• What you need to do:
Below, some lines carry pictures; leave those pictures out and retype exactly the lines from the one with "Nu är väskan" through the one with "оказывается в беде.".
[[ Records to process, beginning ]]
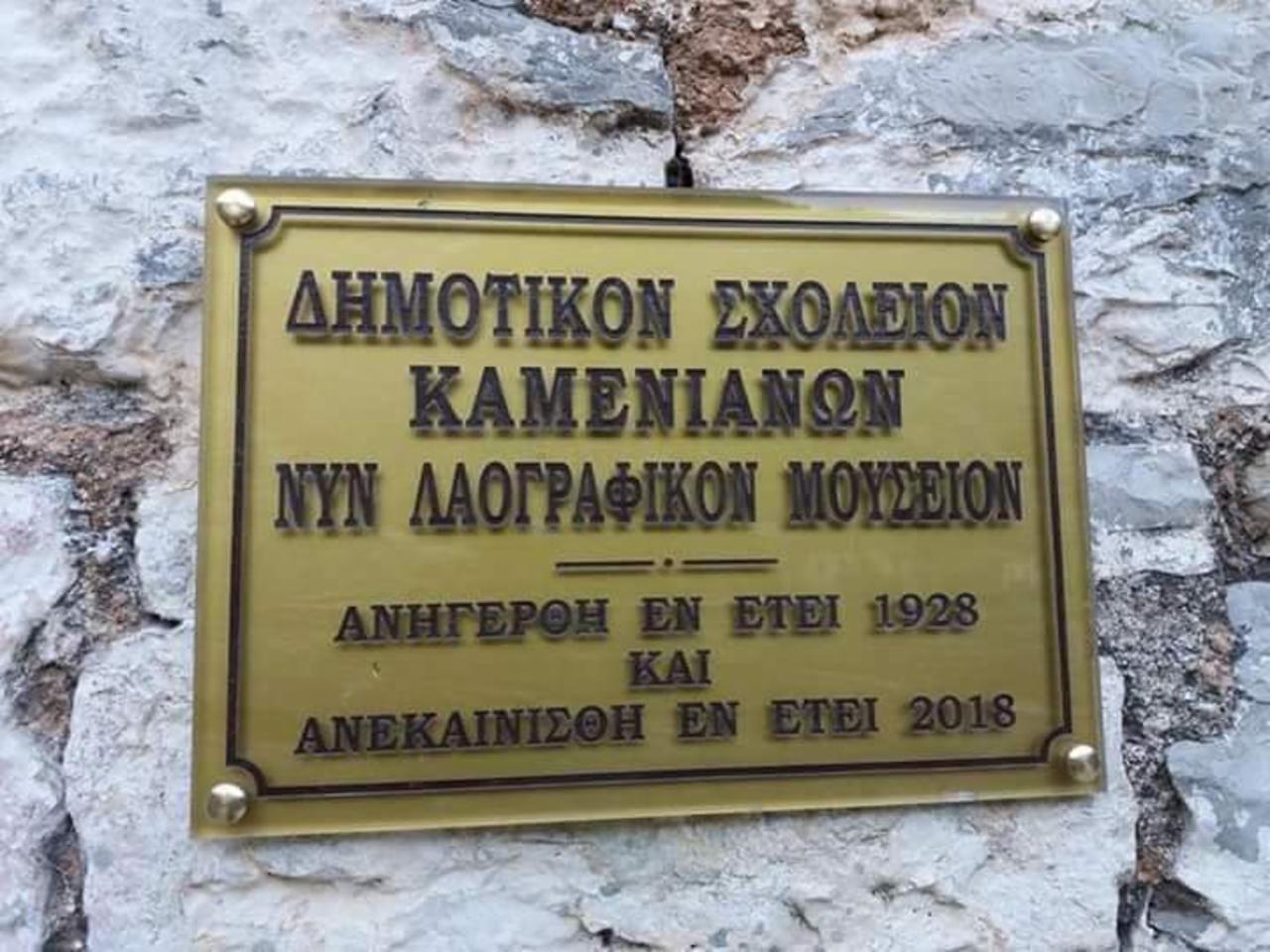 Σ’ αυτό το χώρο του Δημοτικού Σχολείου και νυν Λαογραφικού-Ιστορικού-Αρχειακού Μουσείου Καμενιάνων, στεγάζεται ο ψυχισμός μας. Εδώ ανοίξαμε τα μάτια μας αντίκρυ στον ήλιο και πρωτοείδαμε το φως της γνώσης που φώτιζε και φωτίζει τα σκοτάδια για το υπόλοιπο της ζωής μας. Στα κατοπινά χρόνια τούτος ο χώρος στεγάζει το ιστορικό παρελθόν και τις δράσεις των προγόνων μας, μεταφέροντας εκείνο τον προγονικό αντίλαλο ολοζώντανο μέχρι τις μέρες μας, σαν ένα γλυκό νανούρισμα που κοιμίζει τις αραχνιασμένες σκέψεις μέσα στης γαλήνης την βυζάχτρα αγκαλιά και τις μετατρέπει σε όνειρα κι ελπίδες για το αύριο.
[[ Records to process, end ]]
[[ Records to process, beginning ]]
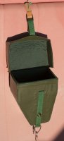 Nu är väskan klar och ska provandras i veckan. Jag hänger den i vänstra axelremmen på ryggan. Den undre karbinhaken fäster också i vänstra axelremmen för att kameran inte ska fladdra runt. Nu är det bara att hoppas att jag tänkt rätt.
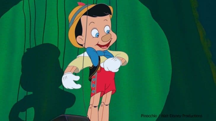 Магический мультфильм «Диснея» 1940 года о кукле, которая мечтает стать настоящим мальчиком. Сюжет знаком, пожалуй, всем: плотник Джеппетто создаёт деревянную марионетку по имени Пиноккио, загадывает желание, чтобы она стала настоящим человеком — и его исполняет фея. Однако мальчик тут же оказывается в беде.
[[ Records to process, end ]]
• Solution to the problem:
 Nu är väskan klar och ska provandras i veckan. Jag hänger den i vänstra axelremmen på ryggan. Den undre karbinhaken fäster också i vänstra axelremmen för att kameran inte ska fladdra runt. Nu är det bara att hoppas att jag tänkt rätt.
 Магический мультфильм «Диснея» 1940 года о кукле, которая мечтает стать настоящим мальчиком. Сюжет знаком, пожалуй, всем: плотник Джеппетто создаёт деревянную марионетку по имени Пиноккио, загадывает желание, чтобы она стала настоящим человеком — и его исполняет фея. Однако мальчик тут же оказывается в беде.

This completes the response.